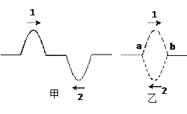 4、选择题 两列沿相反方向传播的振幅和波长都相同的半波,如图29(甲)所示,在相遇的某一时刻两列波“消失”,如图29(乙),此时图中a、b质点的振动方向是:
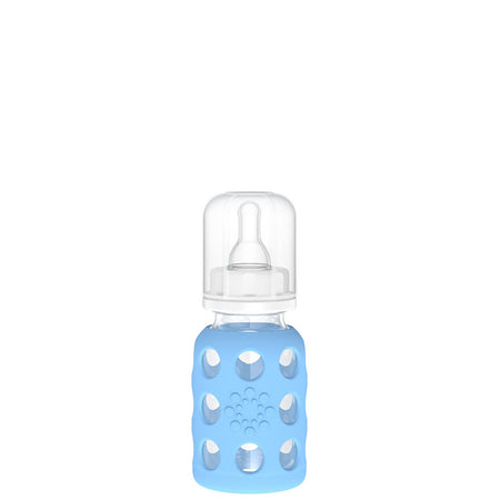 The perfect starter bottle for baby. The Lifefactory 4oz borosilicate glass baby bottle comes with a silicone sleeve, polypropylene cap, ring, and stopper, and a Stage 1 (0-3 months) silicone nipple. These are wonderfully easy to clean: the bottle stays inside the silicone sleeve, and go right in the dishwasher. You'll love these neat little bottles as much as your baby does!
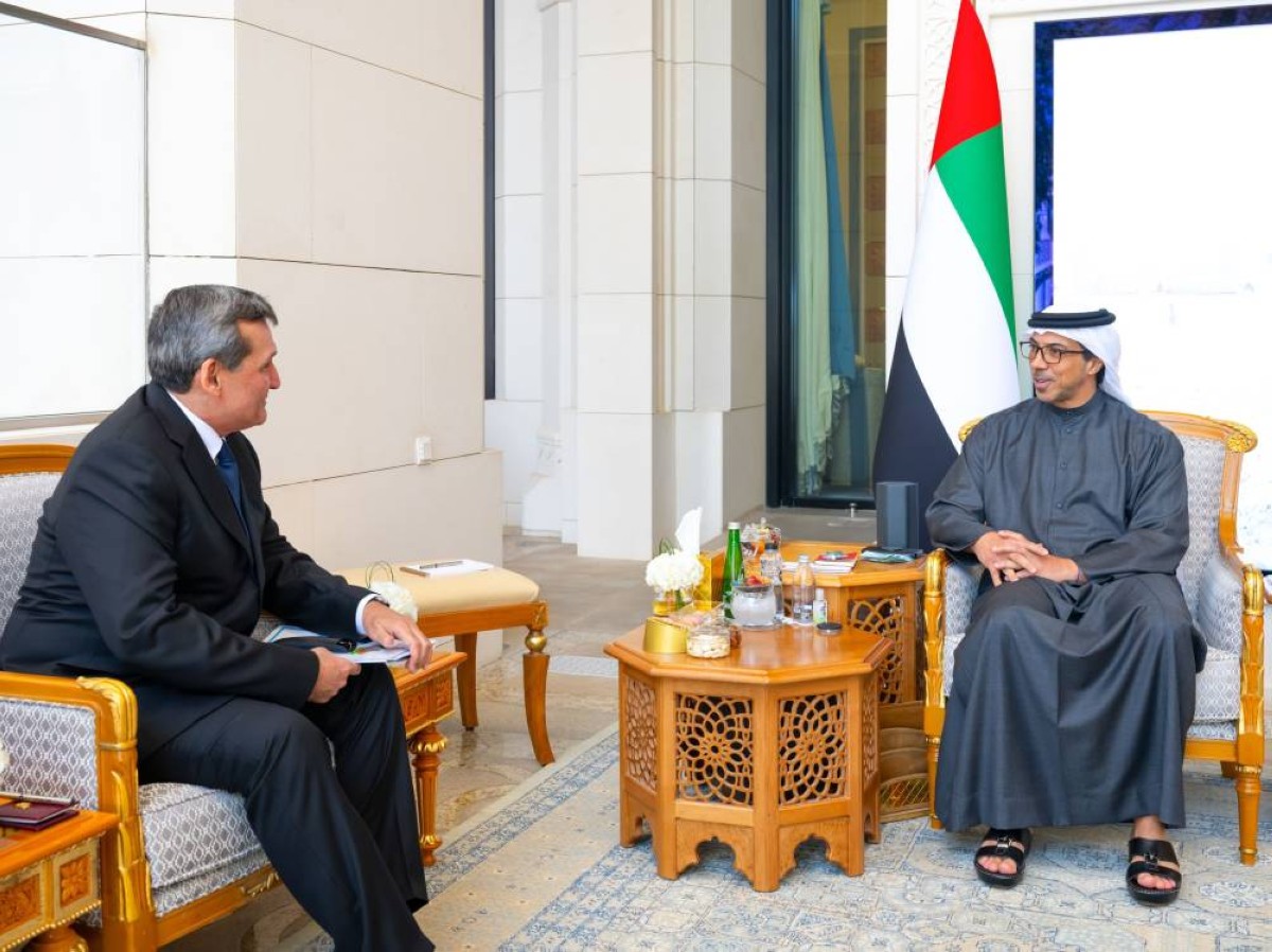 استقبل سمو الشيخ منصور بن زايد آل نهيان، نائب رئيس الدولة، نائب رئيس مجلس الوزراء، رئيس ديوان الرئاسة، أمس، بقصر الوطن في أبوظبي، رشيد ميردوف، نائب رئيس مجلس الوزراء وزير الخارجية في جمهورية تركمانستان. وجرى خلال اللقاء بحث سبل تعزيز التعاون المشترك بين دولة الإمارات وجمهورية تركمانستان في مختلف المجالات، بما يحقق المصالح المشتركة ويعود بالنفع على البلدين والشعبين الصديقين.
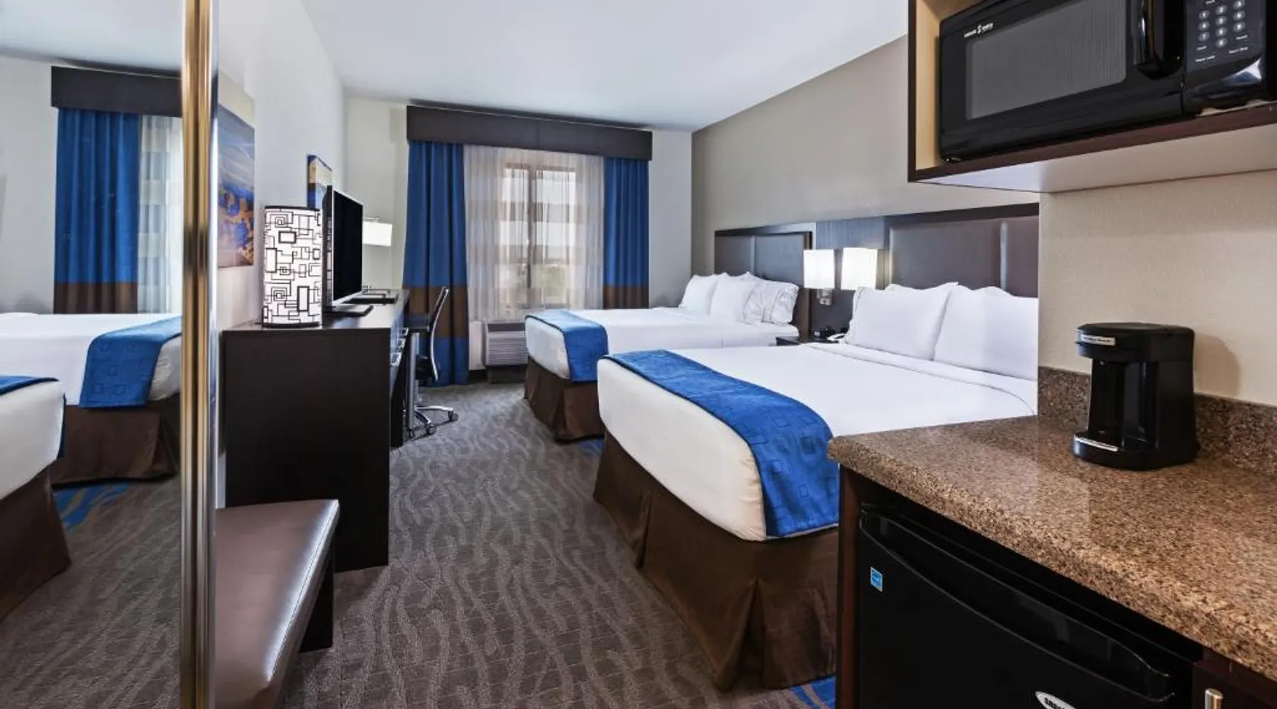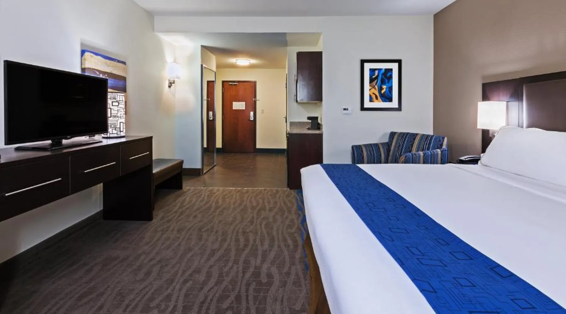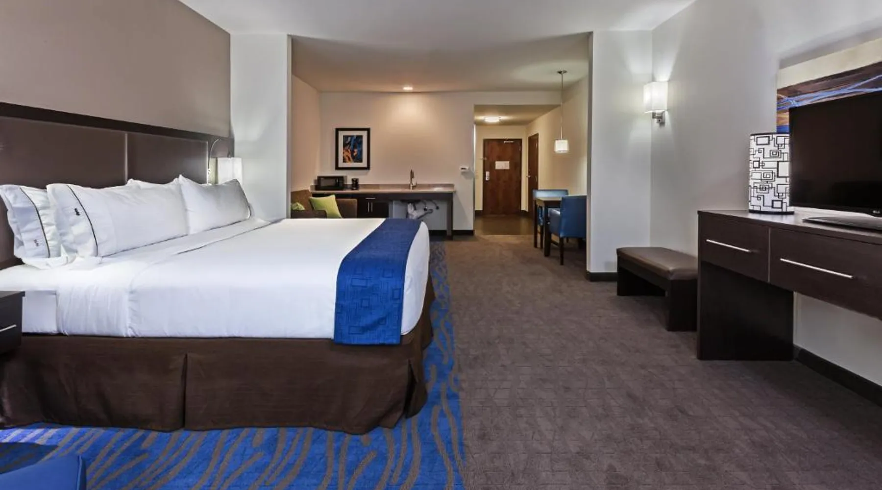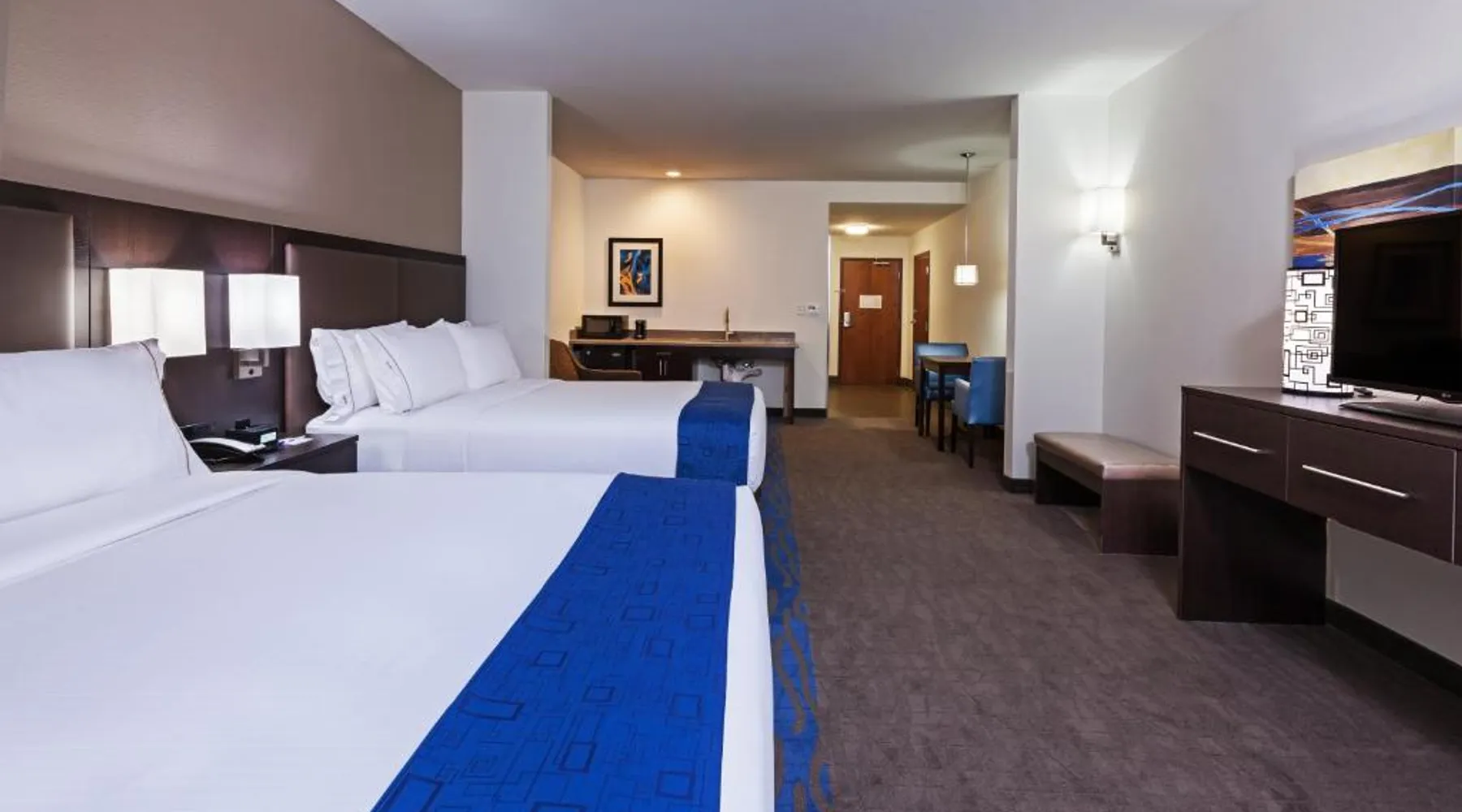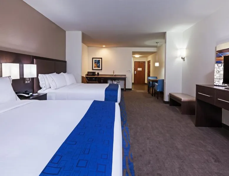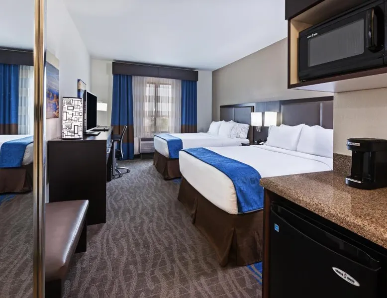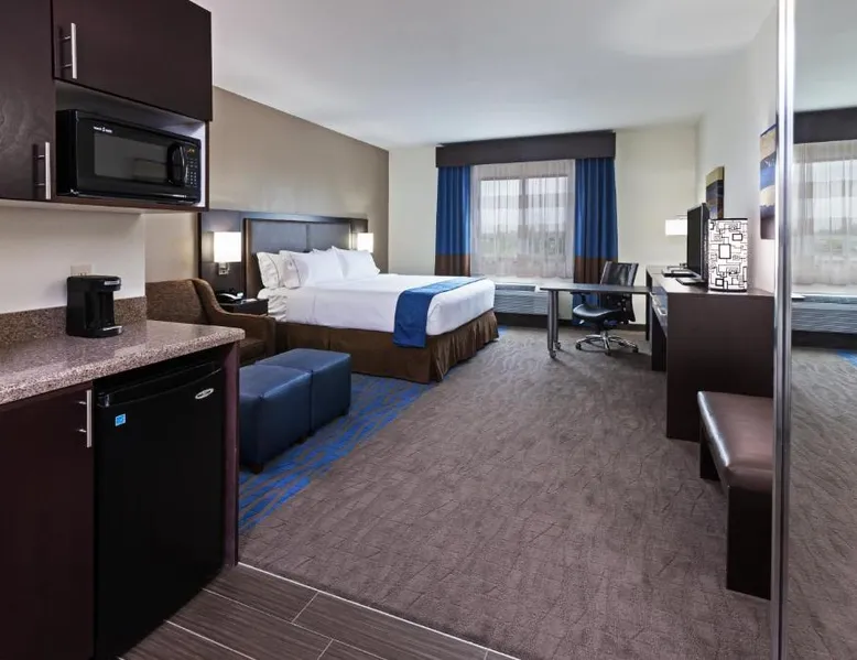 Comfortable Accommodations: Holiday Inn Express & Suites Glenpool by IHG in Glenpool offers family rooms with air-conditioning, private bathrooms, and free WiFi. Each room includes a work desk, TV, and wardrobe. Leisure Facilities: Guests can enjoy an indoor swimming pool, fitness center, and a serene garden. Additional amenities include a lounge, outdoor fireplace, and outdoor seating area. Dining Options: A buffet breakfast is served daily, featuring pancakes and fresh fruits. Free on-site parking is available for all visitors. Convenient Location: Located 21 mi from Tulsa International Airport, the hotel is near attractions such as Philbrook Museum (12 mi) and Brady Theater (13 mi). Guests appreciate the attentive staff and excellent service. Featuring a separate seating area, this suite also comes with a cable TV. There are also a microwave, refrigerator and coffee machine. Ironing facilities and a hairdryer are included.
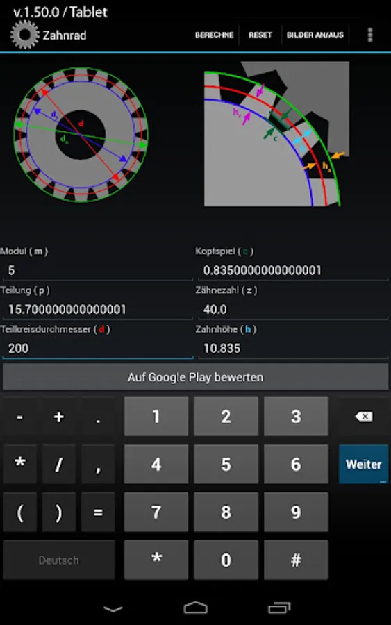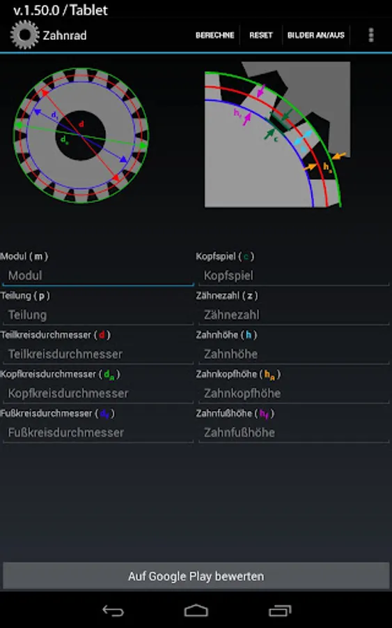 Color graphics facilitate the assignment of terms to the respective gear sizes.
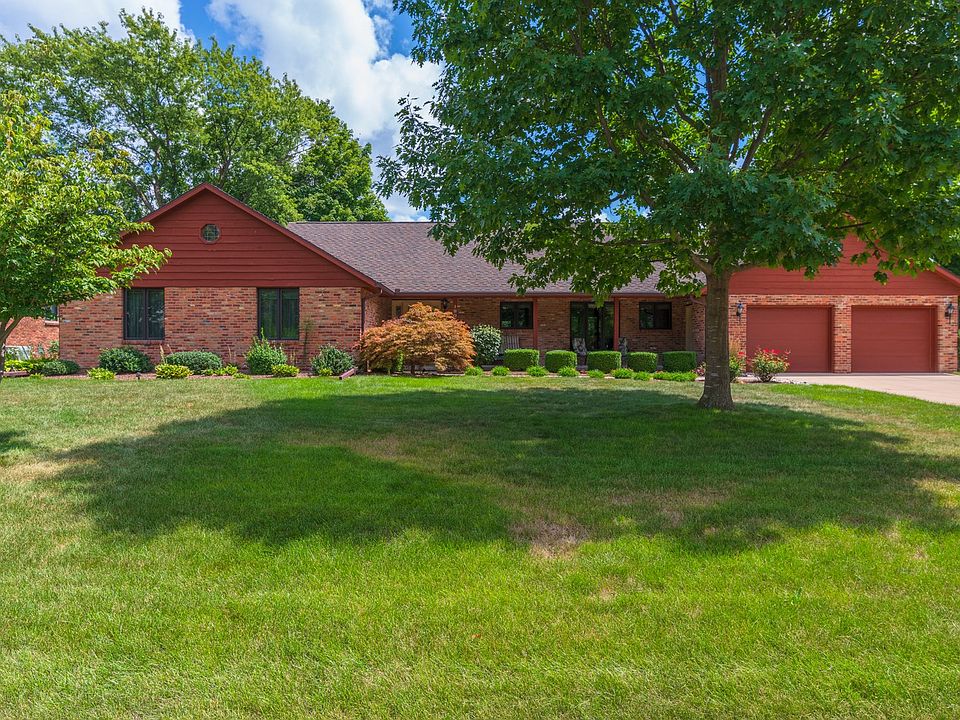 Well-built quality shows throughout this ONE-OWNER, ALL-brick ranch home in the Hedgewood subdivision that sits on over 1/4 of an acre. This home features timeless amenities such as front porch area, w/ dual entry into the garage, deck off of master, a screened in porch, 2 fireplaces, and your own solarium!!! This home has ample storage available! Home is great for entertaining with great yard size, updated kitchen, family rec room downstairs featuring a wet-bar where *NEW* refrigerator will stay with stools. The mudroom off the garage features laundry and additional storage. Garage is great size (24x23 w/ 7ft clearance). Updates include: *NEW* 2020 sump pumps installed, 2019 exterior deck stained, *NEW* 2017 carpet installed throughout home, *NEW* 2016 furnace installed, *NEW* 2014 water heater installed, *NEW* 2013 custom granite countertops throughout the home, *NEW* master bathroom 2013 remodeled w/ heated floor, *NEW* kitchen remodel w/ Amish cabinets and Bosch stainless-steel appliances, *NEW* 2009 Marvin Windows installed on main level and basement (solarium windows original double pain), *NEW* 6 inch seamless gutters w/ screens installed, *NEW* 2008 Armana A/C installed, *NEW* 2008 Guardian Automatic Standby Generator 16KW professionally installed, and *NEW* 2004 30 year CertainTeed architectural shingle roof professionally installed. ALL kitchen appliances stay! Patio furniture, dining room table set and pool table negotiable! Unit 5 schools! North Point Elementary! Close to in-town area amenities and constitution trail. Come make this your new home today!

WHAT TO DO: Restate, line by line and word for word, everything from the top of the material through the line that contains "The perfect starter". Leave pictures out.

RESULT:
 4、选择题 两列沿相反方向传播的振幅和波长都相同的半波,如图29(甲)所示,在相遇的某一时刻两列波“消失”,如图29(乙),此时图中a、b质点的振动方向是:
 The perfect starter bottle for baby. The Lifefactory 4oz borosilicate glass baby bottle comes with a silicone sleeve, polypropylene cap, ring, and stopper, and a Stage 1 (0-3 months) silicone nipple. These are wonderfully easy to clean: the bottle stays inside the silicone sleeve, and go right in the dishwasher. You'll love these neat little bottles as much as your baby does!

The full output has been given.